De 14e overweging gaat — naar men mag aannemen — uit van de door het Hof niet met zoveel woorden uitgesproken opvatting dat het gebruik van een erfdienstbaarheid van weg zonder meer onrechtmatig is, dan wel in strijd is met het bepaalde in artikel 738 van het Burgerlijk Wetboek wanneer dit gebruik niet alleen strekt ten behoeve van het heersend erf, doch ook ten behoeve van andere erven.
Deze opvatting is in haar algemeenheid rechtens onjuist.
Of een gebruik van de erfdienstbaarheid van weg mede een verboden verzwaring voor het dienend erf in de zin van artikel 738 van het Burgerlijk Wetboek oplevert is tenminste in de eerste plaats afhankelijk van hetgeen daaromtrent uit de titel voortvloeit. Wat in deze uit de titel voortvloeit heeft het Hof ten onrechte niet vastgesteld. Het enkele feit, dat een erfdienstbaarheid van weg niet alleen ten behoeve van het heersende erf maar ook ten behoeve van andere erven zal worden gebruikt levert niet uitsluitend dáárom, los van de titel, een verboden verzwaring voor het dienend erf op.
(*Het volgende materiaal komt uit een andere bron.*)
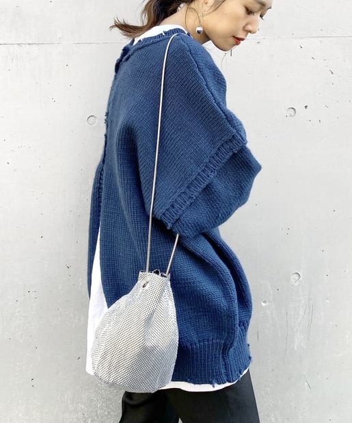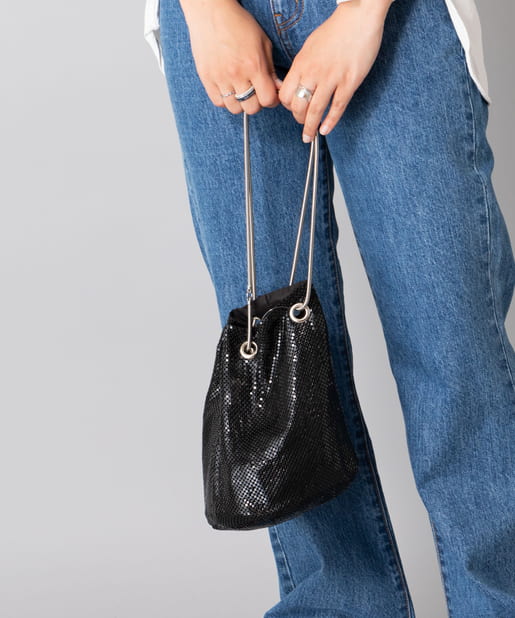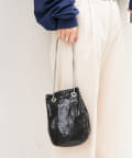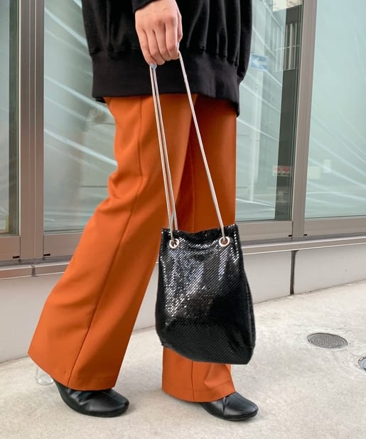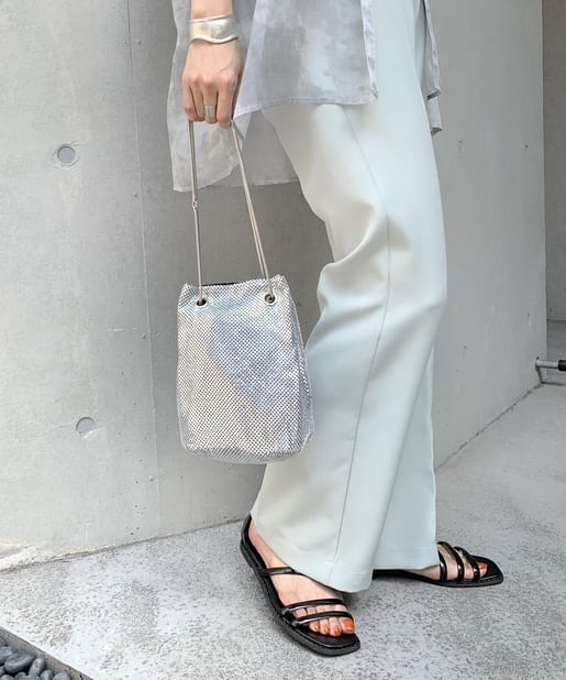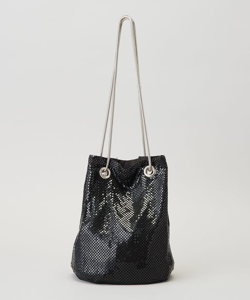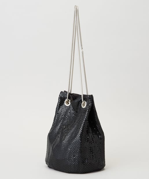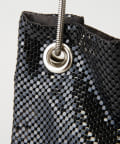 メタリックなビーズが連なったような素材で覆われており、動くたびにキラキラと輝く存在感抜群のバッグ。

Daarbij komt dat gebruik van de erfdienstbaarheid ten behoeve van naburige erven kan strekken ten behoeve van het heersend erf, zeker wanneer de eigendom en het gebruik van het heersend erf en de naburige erven in één hand zijn.
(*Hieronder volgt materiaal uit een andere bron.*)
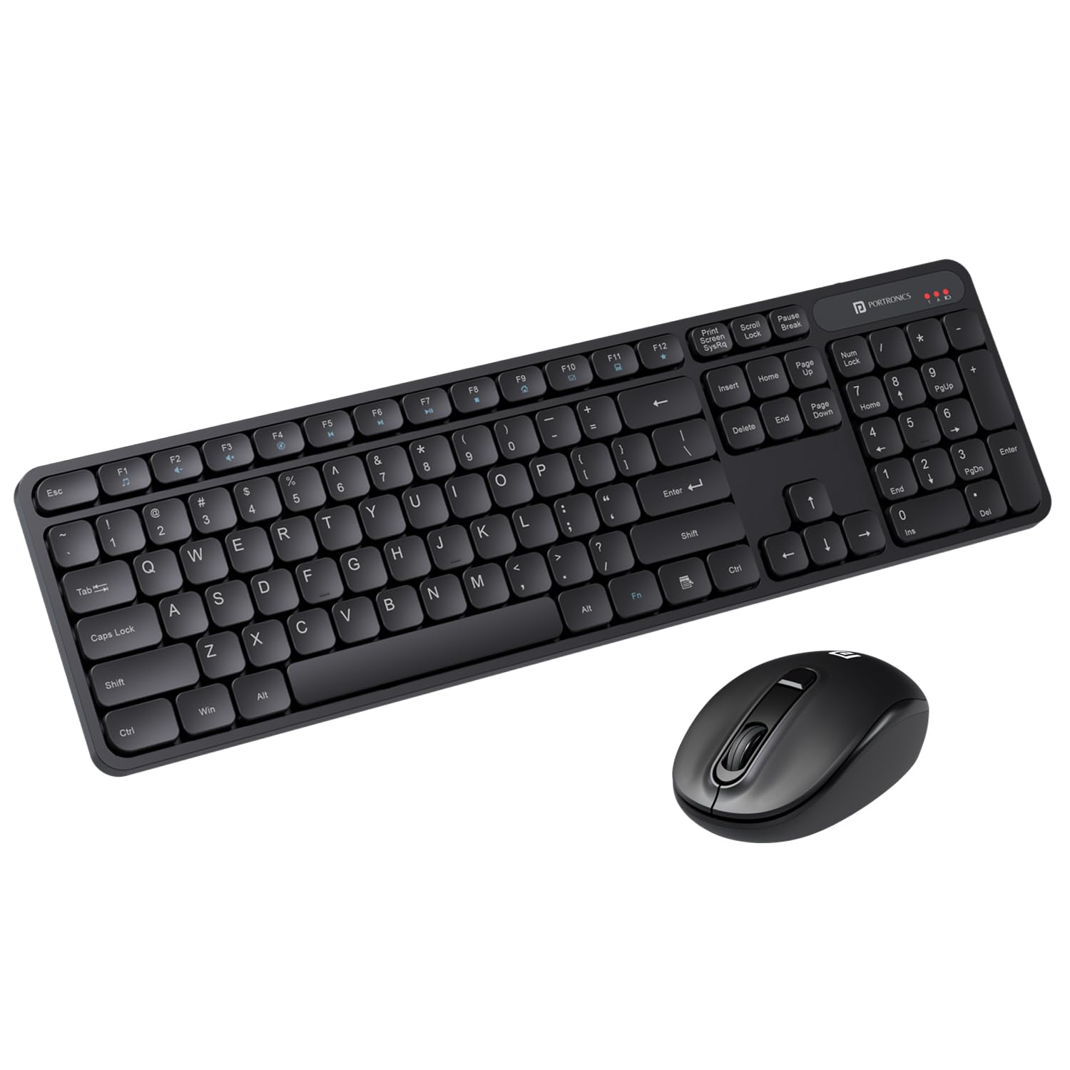 Portronics Key8 Combo Wireless Keyboard and Mouse Set with 2.4 GHz Wireless, Large Keycaps, 104 Keys, Adjustable Mouse Sensitivity, 12 Multimedia Hotkeys, USB Receiver for PC, Laptop, Mac (Black)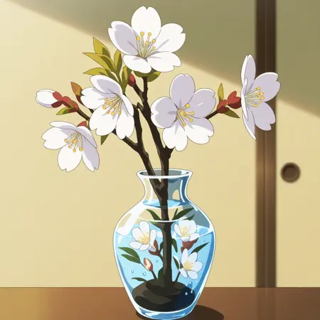 本LoRA基于一张输出图像构建,以梅枝和梅花的照片为基础。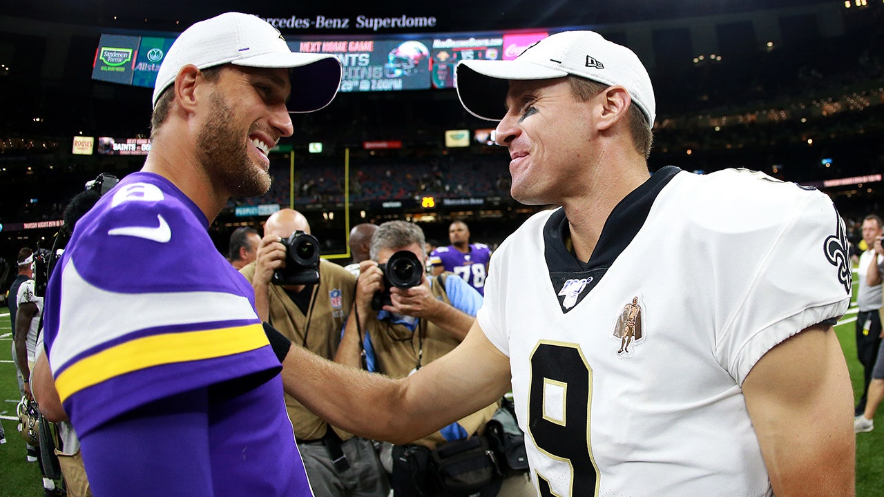 Kirk Cousins, #8 of the Minnesota Vikings, talks with Drew Brees, #9 of the New Orleans Saints, after a preseason game at Mercedes-Benz Superdome on Aug. 9, 2019 in New Orleans. (Sean Gardner/Getty Images)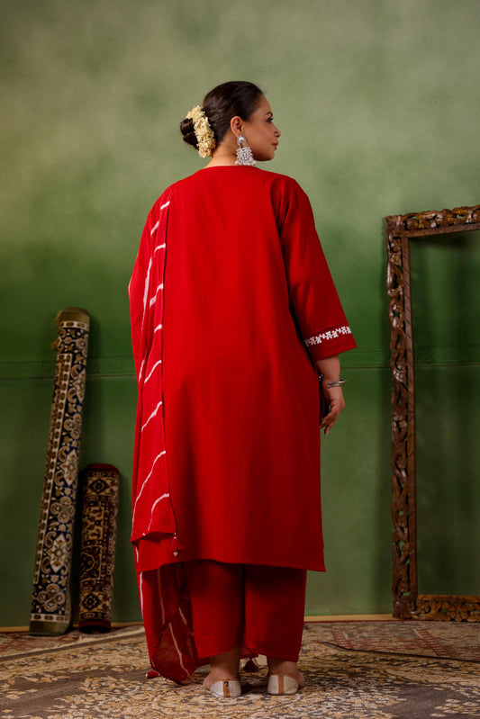 Aashna Maroon Embroidery Detailing Plus Size Suit Set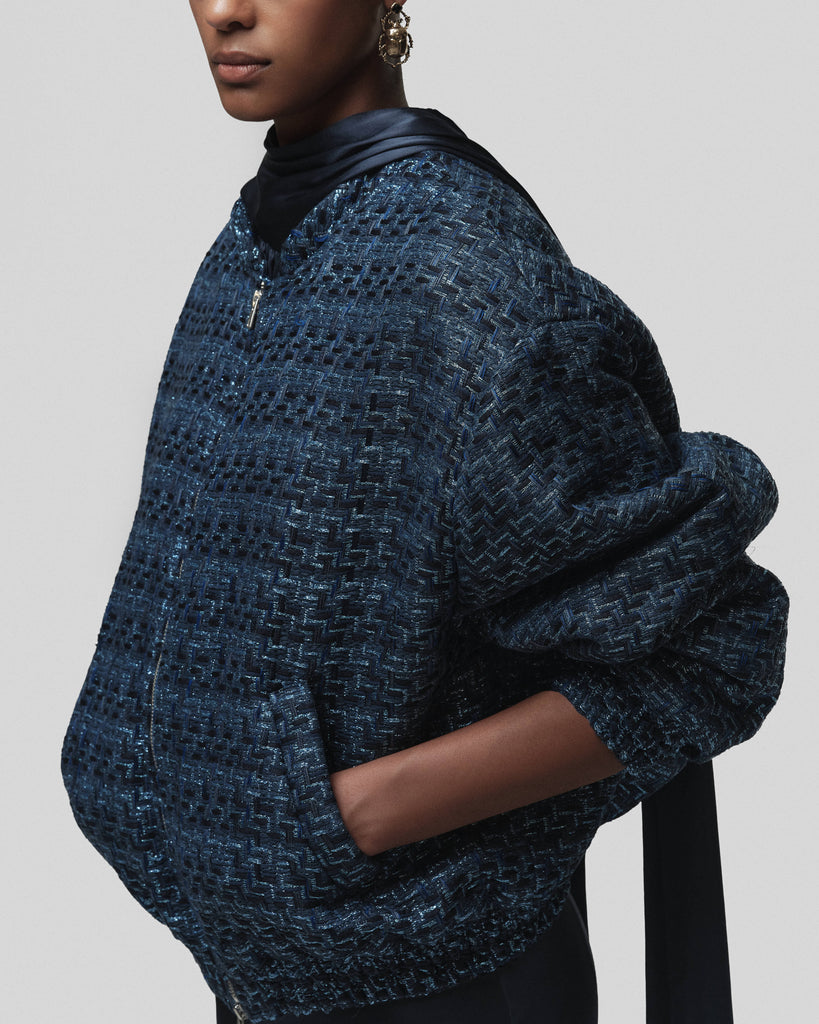 The COBALT bomber is a bold yet feminine silhouette, reimagined in a striking tone: deep cobalt. Crafted in textured jacquard with a sculptural geometric pattern, it plays with light and shadow to echo movement and intention. Voluminous sleeves and a relaxed, oversized fit bring effortless ease and structure. The rose version captures the warmth of twilight, while cobalt evokes a sense of calm power—each offering a distinct take on quiet elegance.

2. Mocht het arrest zo verstaan dienen te worden dat naar de opvatting van het Hof uit hetgeen door het Hof naar aanleiding van grief I is vastgesteld omtrent de inhoud van de titel — te weten een in 1903 gevestigde erfdienstbaarheid van weg ten behoeve van het heersend erf om te komen en te gaan naar de [a-straat] en wel over een breedte van 4 meter langs de scheiding tussen de dienende erven, elk der percelen ter breedte van 2 meter — voortvloeit, dat gebruik ten behoeve van andere erven een verboden verzwaring voor het dienend erf oplevert, dan is het arrest niet behoorlijk en/of onbegrijpelijk gemotiveerd, omdat uit bedoelde vaststelling niet zonder meer voortvloeit dat de titel gebruik ten behoeve van andere erven niet zou toelaten.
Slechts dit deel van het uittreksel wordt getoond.